TASK DESCRIPTION: Find the line with "Trước tiên cần" in the records below. Output exactly from there until after the line with "按SHIFT+CTRL+A (Win/*nix)或Command+SHIFT+A (Mac)打开弹出窗口,键入registry。", without pictures.

MATERIAL PROVIDED:
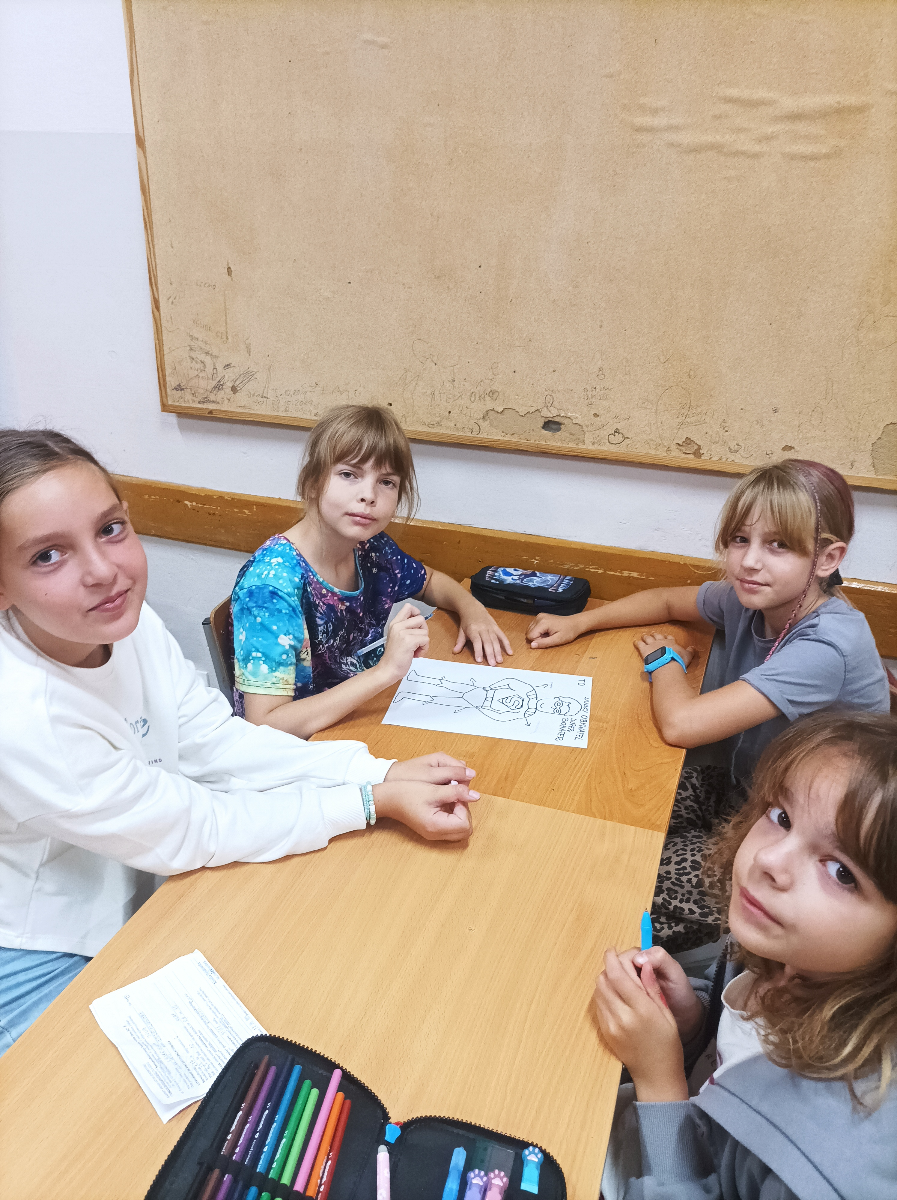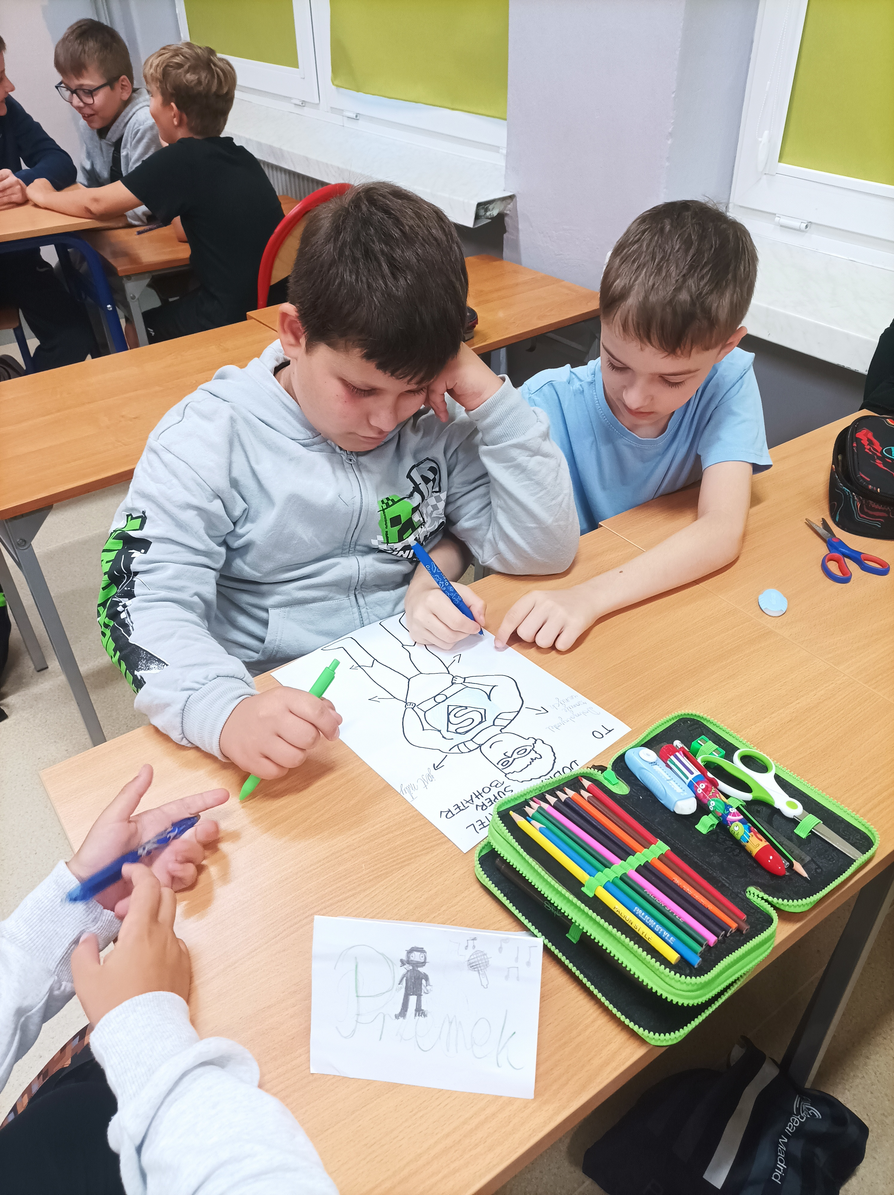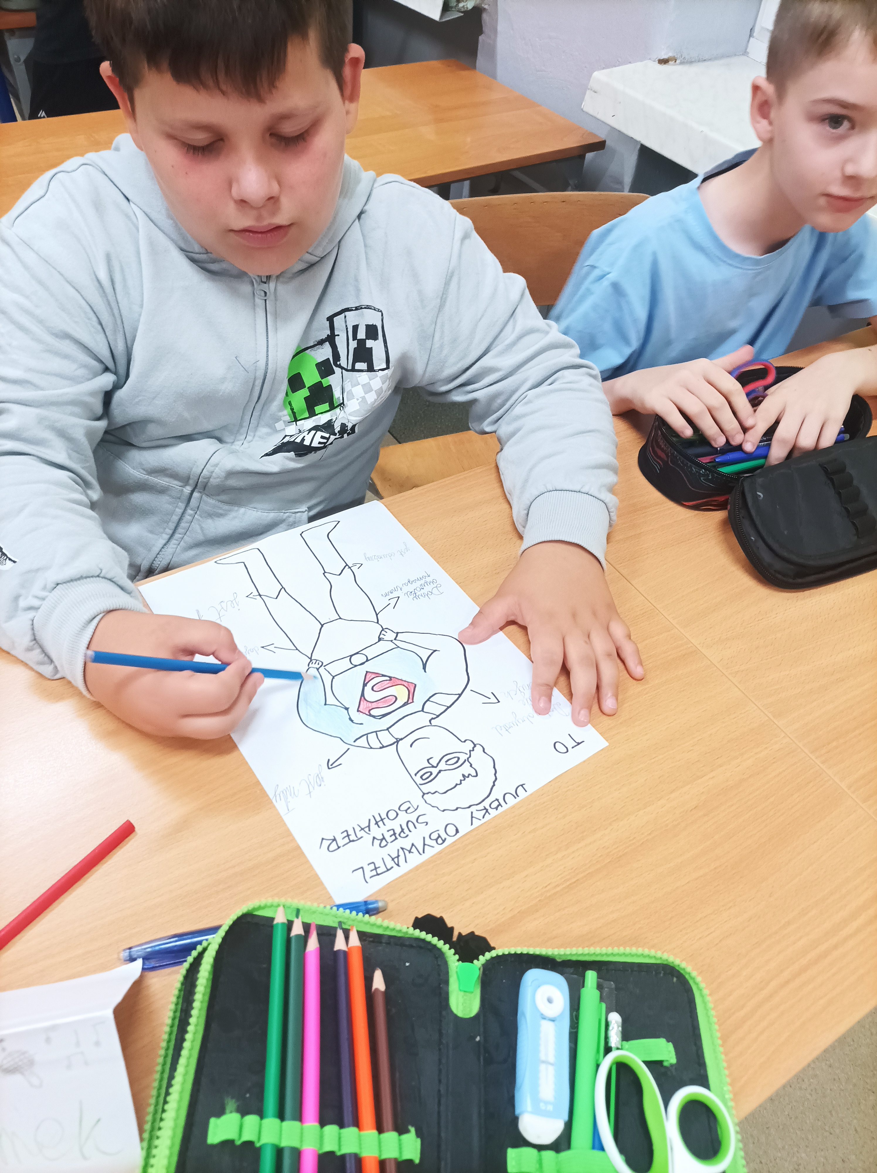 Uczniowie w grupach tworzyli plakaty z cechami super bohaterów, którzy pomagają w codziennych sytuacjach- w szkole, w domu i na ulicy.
* * *
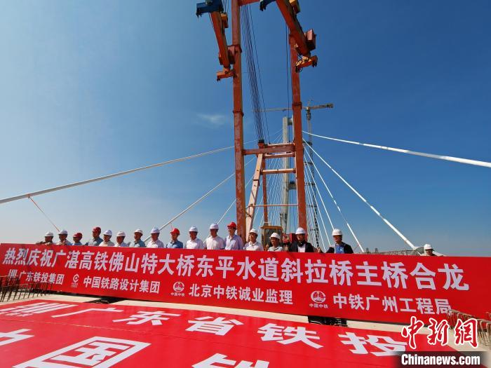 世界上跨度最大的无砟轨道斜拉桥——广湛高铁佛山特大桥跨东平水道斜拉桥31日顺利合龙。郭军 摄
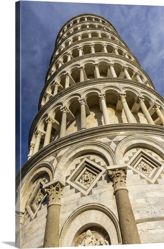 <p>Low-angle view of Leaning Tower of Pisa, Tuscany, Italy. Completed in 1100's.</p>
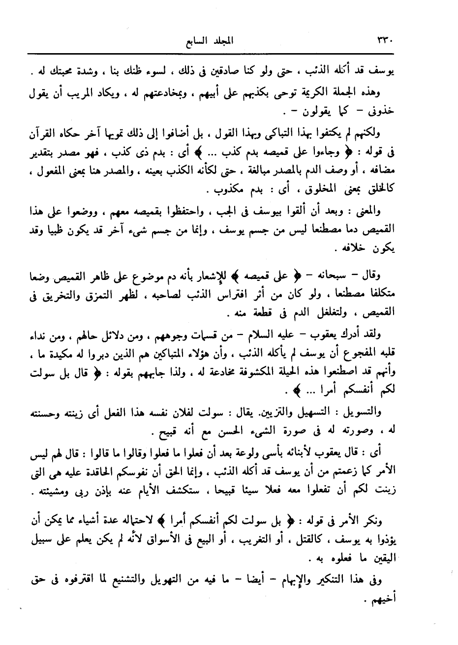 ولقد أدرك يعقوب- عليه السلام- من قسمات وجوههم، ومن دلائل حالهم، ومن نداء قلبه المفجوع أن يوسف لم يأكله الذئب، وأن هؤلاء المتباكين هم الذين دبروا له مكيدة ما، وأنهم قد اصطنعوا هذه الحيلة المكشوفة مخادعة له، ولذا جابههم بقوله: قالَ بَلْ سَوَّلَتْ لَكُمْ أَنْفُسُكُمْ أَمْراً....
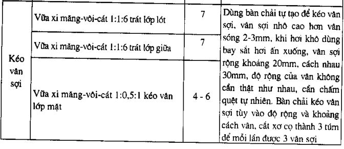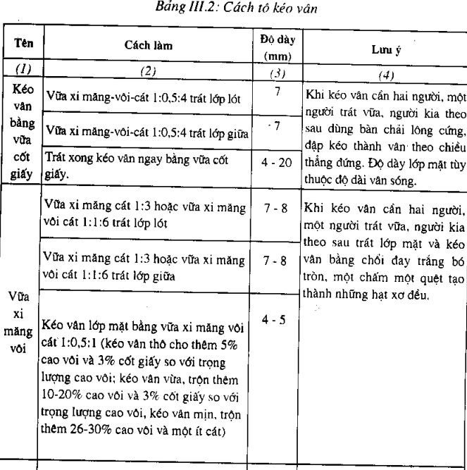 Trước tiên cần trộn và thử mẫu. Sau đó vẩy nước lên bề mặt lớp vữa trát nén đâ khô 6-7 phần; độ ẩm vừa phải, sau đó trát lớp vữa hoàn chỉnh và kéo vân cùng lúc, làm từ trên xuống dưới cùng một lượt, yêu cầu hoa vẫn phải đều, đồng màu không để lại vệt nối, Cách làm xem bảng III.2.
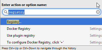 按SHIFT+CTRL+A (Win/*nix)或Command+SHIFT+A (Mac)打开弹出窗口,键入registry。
==
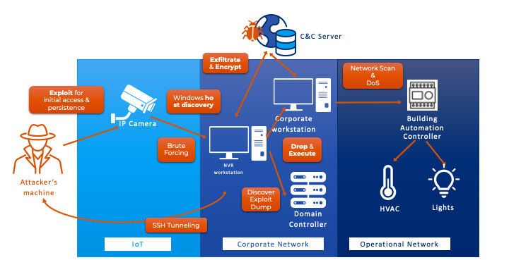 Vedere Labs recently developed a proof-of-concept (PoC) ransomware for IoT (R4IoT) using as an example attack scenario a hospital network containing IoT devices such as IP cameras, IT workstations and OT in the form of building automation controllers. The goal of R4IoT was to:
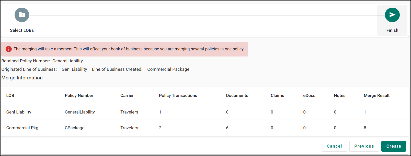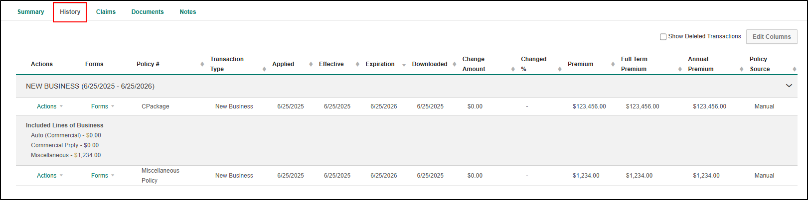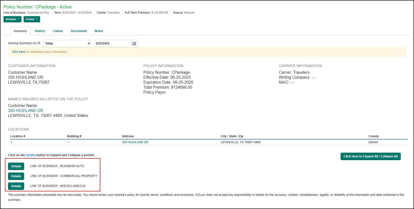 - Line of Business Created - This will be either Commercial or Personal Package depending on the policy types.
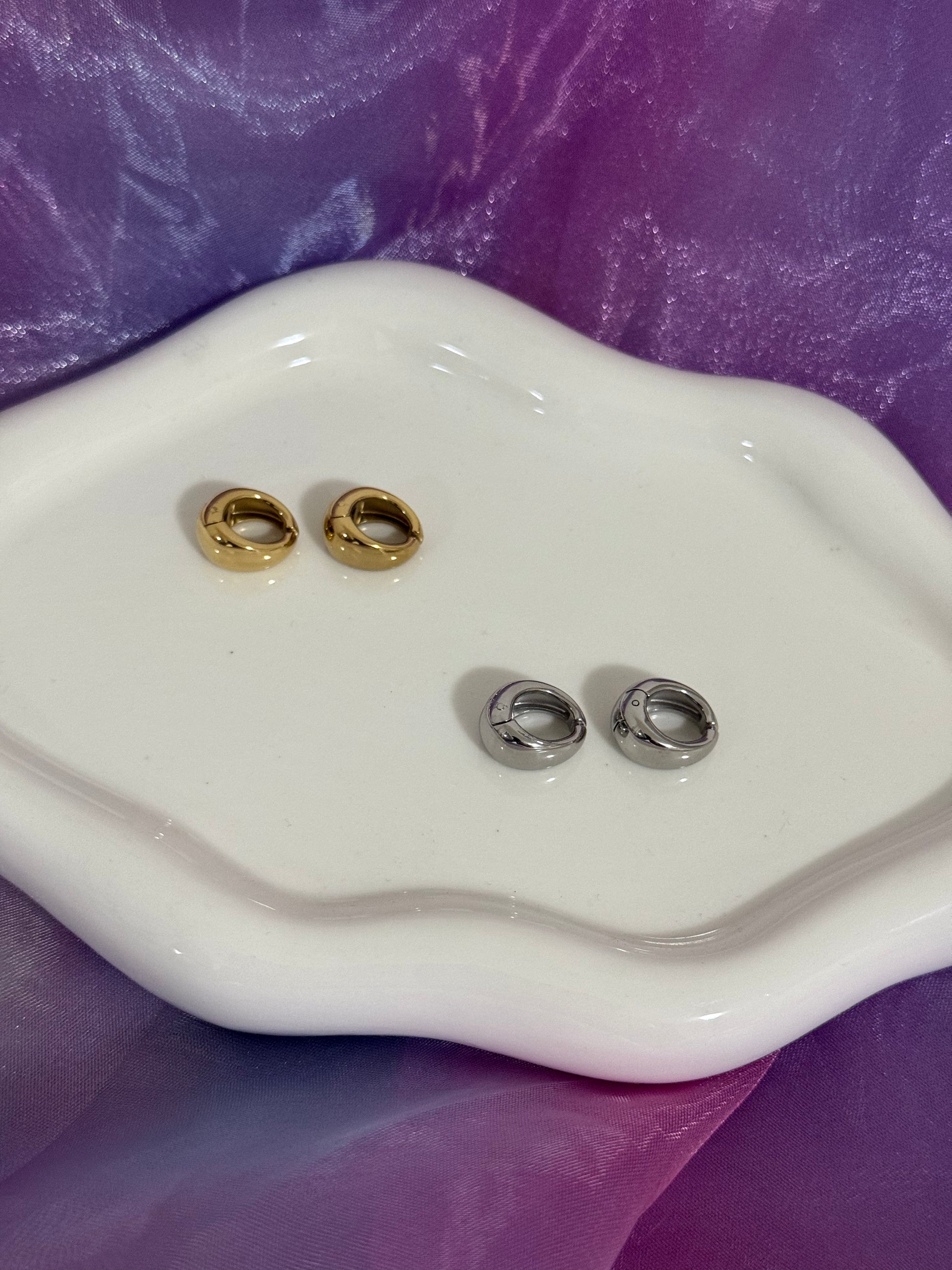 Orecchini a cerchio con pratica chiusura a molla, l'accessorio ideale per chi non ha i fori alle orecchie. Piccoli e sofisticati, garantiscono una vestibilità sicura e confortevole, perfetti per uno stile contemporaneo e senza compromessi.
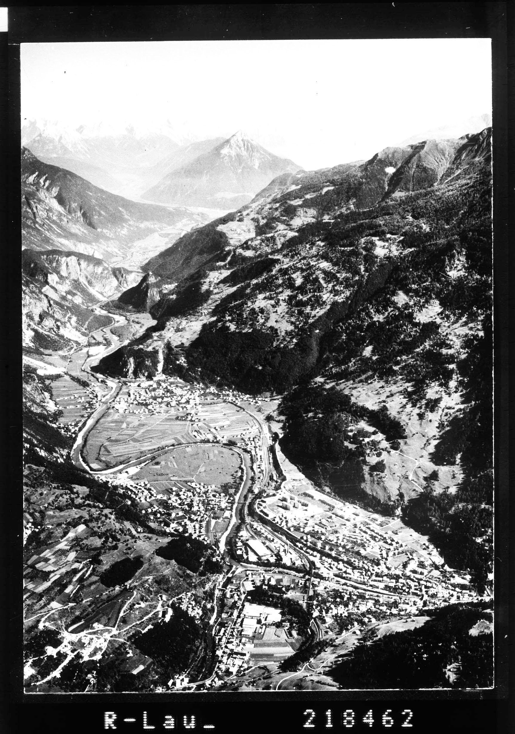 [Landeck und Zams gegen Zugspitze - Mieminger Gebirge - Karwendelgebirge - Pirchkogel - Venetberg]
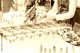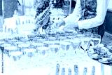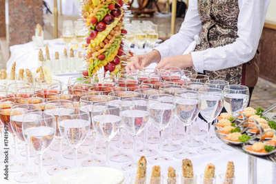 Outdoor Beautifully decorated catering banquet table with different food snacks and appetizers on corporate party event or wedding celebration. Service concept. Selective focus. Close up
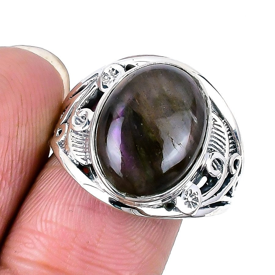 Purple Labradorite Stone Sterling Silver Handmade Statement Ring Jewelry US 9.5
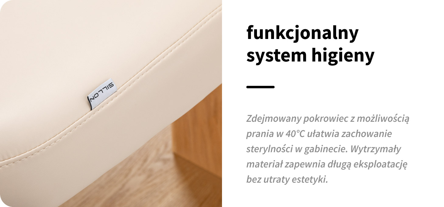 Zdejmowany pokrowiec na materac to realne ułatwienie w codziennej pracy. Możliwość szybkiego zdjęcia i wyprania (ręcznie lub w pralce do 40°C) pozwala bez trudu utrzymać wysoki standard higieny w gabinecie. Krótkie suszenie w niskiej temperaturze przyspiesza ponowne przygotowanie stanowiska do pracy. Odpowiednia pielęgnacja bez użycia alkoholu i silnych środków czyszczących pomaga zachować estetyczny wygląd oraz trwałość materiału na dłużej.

REPLY TO THE EXERCISE:
 Trước tiên cần trộn và thử mẫu. Sau đó vẩy nước lên bề mặt lớp vữa trát nén đâ khô 6-7 phần; độ ẩm vừa phải, sau đó trát lớp vữa hoàn chỉnh và kéo vân cùng lúc, làm từ trên xuống dưới cùng một lượt, yêu cầu hoa vẫn phải đều, đồng màu không để lại vệt nối, Cách làm xem bảng III.2.
 按SHIFT+CTRL+A (Win/*nix)或Command+SHIFT+A (Mac)打开弹出窗口,键入registry。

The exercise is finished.